Run and Scheduling¶
This guide covers Vulcan's run functionality and scheduling strategies. You'll learn how vulcan run processes new data intervals and how to automate it for production.
The run command is different from plan, it's for regular scheduled execution, not for applying changes.

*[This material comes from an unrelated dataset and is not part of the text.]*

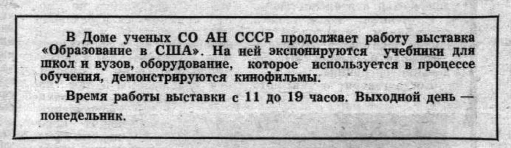 Возникает вопрос- почему не сохранилось фото этого павильона в Новосибирске, почему нет вообще фото с этой выставки в Зональном институте ? Да и фото в других городах этой выставки нет. Городские архивы ограничились тремя предложениями об этой выставке. Не выгодно было СССР сохранять в памяти людей как живет Америка ?
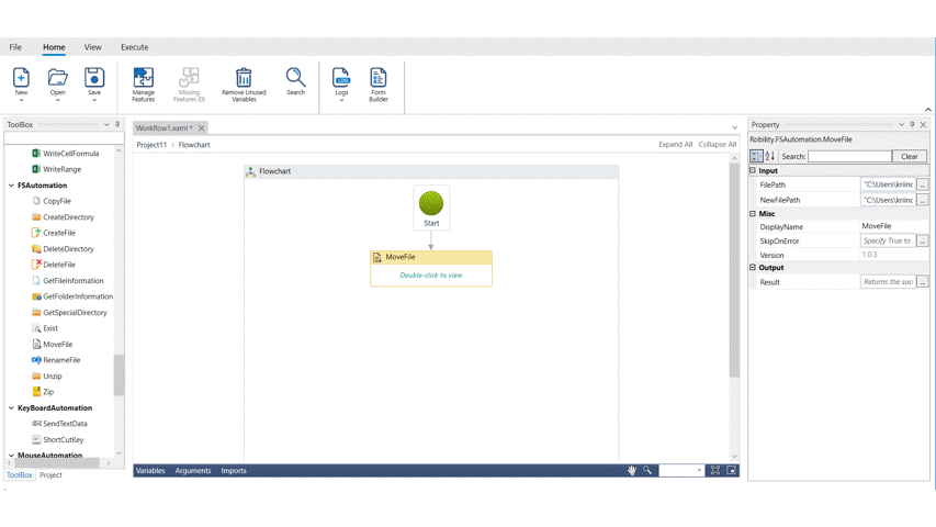 The following activity illustrates on how we can use the move file activity to move a file from one folder to the other.

Once you understand the difference, you'll know when to use each one.
Run and Scheduler Architecture¶
The following diagram illustrates how Vulcan's run system works with cron-based scheduling:
graph TB
subgraph "Scheduler Triggers"
CRON[Cron Job / CI/CD<br/>Runs periodically]
MANUAL[Manual Execution<br/>vulcan run]
end
subgraph "Run Process"
START[vulcan run<br/>Command starts]
CHECK[Check for missing intervals<br/>Compare with state]
CRON_CHECK[Check cron schedules<br/>Which models are due?]
FILTER[Filter models<br/>Only process due intervals]
end
subgraph "Model Execution"
M1[sales.daily_sales<br/>cron: @daily<br/>Due: Yes]
M2[sales.weekly_sales<br/>cron: @weekly<br/>Due: No]
M3[sales.monthly_sales<br/>cron: @monthly<br/>Due: No]
end
subgraph "State Management"
STATE[State Database<br/>Tracks processed intervals]
UPDATE[Update State<br/>Mark intervals as processed]
end
subgraph "Execution Flow"
EXEC1[Execute daily_sales<br/>Process missing intervals]
EXEC2[Skip weekly_sales<br/>Not due yet]
EXEC3[Skip monthly_sales<br/>Not due yet]
end
subgraph "Results"
SUCCESS[Run Complete<br/>Intervals processed]
LOG[Log Results<br/>Execution summary]
end
CRON -->|"Scheduled"| START
MANUAL -->|"Triggered"| START
START -->|"to"| CHECK
CHECK -->|"to"| CRON_CHECK
CRON_CHECK -->|"to"| FILTER
FILTER -->|"Due"| M1
FILTER -->|"Not due"| M2
FILTER -->|"Not due"| M3
M1 -->|"to"| EXEC1
M2 -->|"to"| EXEC2
M3 -->|"to"| EXEC3
EXEC1 -->|"to"| STATE
EXEC2 -.->|"Skip"| STATE
EXEC3 -.->|"Skip"| STATE
STATE -->|"to"| UPDATE
UPDATE -->|"to"| SUCCESS
SUCCESS -->|"to"| LOG
style CRON fill:#e3f2fd,stroke:#1976d2,stroke-width:3px,color:#000
style START fill:#fff3e0,stroke:#f57c00,stroke-width:3px,color:#000
style CHECK fill:#f3e5f5,stroke:#7b1fa2,stroke-width:2px,color:#000
style CRON_CHECK fill:#fff9c4,stroke:#fbc02d,stroke-width:2px,color:#000
style M1 fill:#e8f5e9,stroke:#388e3c,stroke-width:2px,color:#000
style M2 fill:#ffebee,stroke:#d32f2f,stroke-width:2px,color:#000
style M3 fill:#ffebee,stroke:#d32f2f,stroke-width:2px,color:#000
style EXEC1 fill:#c8e6c9,stroke:#2e7d32,stroke-width:2px,color:#000
style SUCCESS fill:#c8e6c9,stroke:#2e7d32,stroke-width:3px,color:#000
Key Concepts Illustrated¶
- Scheduler Triggers: Run can be triggered by cron jobs, CI/CD pipelines, or manually
- Interval Detection: Vulcan checks for missing intervals by comparing current state with model schedules
- Cron-Based Filtering: Only models whose cron schedules indicate they're due are executed
- State Tracking: Processed intervals are tracked in the state database
- Efficient Execution: Models not due are skipped, saving computational resources
Cron Schedule Flow¶
The following diagram shows how different cron schedules determine model execution:
gantt
title Model Execution Timeline (Example: Hourly, Daily, Weekly)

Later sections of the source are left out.